Modification of quartz with various structurally related organosilane surface modifiers.(Reprinted with kind permission of the Royal Society of Chemistry.)
Modification of quartz with various structurally related organosilane surface modifiers.(Reprinted with kind permission of the Royal Society of Chemistry.)
1.6 A Final Comment
A glance into a clinical biochemistry laboratory in a major hospital – such as St. Michael’s located in Toronto, Canada – reveals groups of large instruments connected together with sizeable trains composed of robotic equipment. Much of this is orchestrated around batch-based assays and technology. The set-up is very far removed from biochip, biosensor and lab-on-a‐chip devices, all of which have been touted for potential application in clinical assays. As outlined herein, the main reasons for this appear to lie in speed of analysis, convenience and saving with respect to reagent cost, etc. The latter appears to be a non-issue since such cost constitutes a minor component for the laboratory budget. In view of the requirements for the clinical laboratory, one may wonder how biosensor technology could realistically contribute to the operation of this sort of facility. In this respect, biosensor devices can function particularly well in a flow-injection scenario, especially those systems based on label-free detection involving acoustic wave and SPR physics. This approach can lead to the avoidance of batch measurements and lengthy trains of machines. Another advantage would be the possibility to perform generic detection, that is, the sensing of different targets with the same aforementioned physics/technologies. However, there exist two main problems that remain to be solved. The first would be to render a particular sensing platform reusable in the FIA configuration. A second would be to find a solution to the all-prevalent fouling problem encountered with biological fluids as discussed in some detail above.
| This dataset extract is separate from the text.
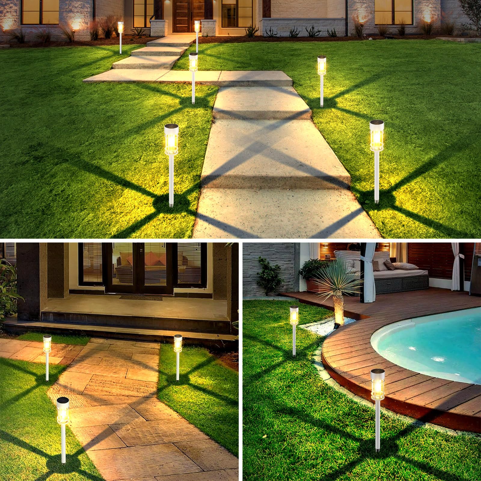 - The set of 8 solar lights offers endless possibilities to illuminate your garden. Their sleek, minimalist design complements any landscape. The solar lights boast an elegant and beautiful white finish, seamlessly integrating with your garden and courtyard. They also make a remarkable products for occasions like housewarming, gardening, birthdays, holidays, and more.

Lastly, we would like to mention a final word about microfluidics and lab-on-a‐chip devices, which appear to be ideal for combination with biosensor detection. These technologies seem to be more suited for point-of-care systems rather than the central clinical laboratory. However, despite the frequently emphasized promises offered by these devices, there is no doubt that NSA still remains a serious obstacle to be tackled. For example, NSA will not only occur at the detector employed in the device but also in channels of the microfluidic set-up.70
The authors are grateful to the Collaborative Health Research Program of BSERC and CIGR for support of their research. SS thanks the Province of Ontario for the award of an Ontario Graduate Scholarship.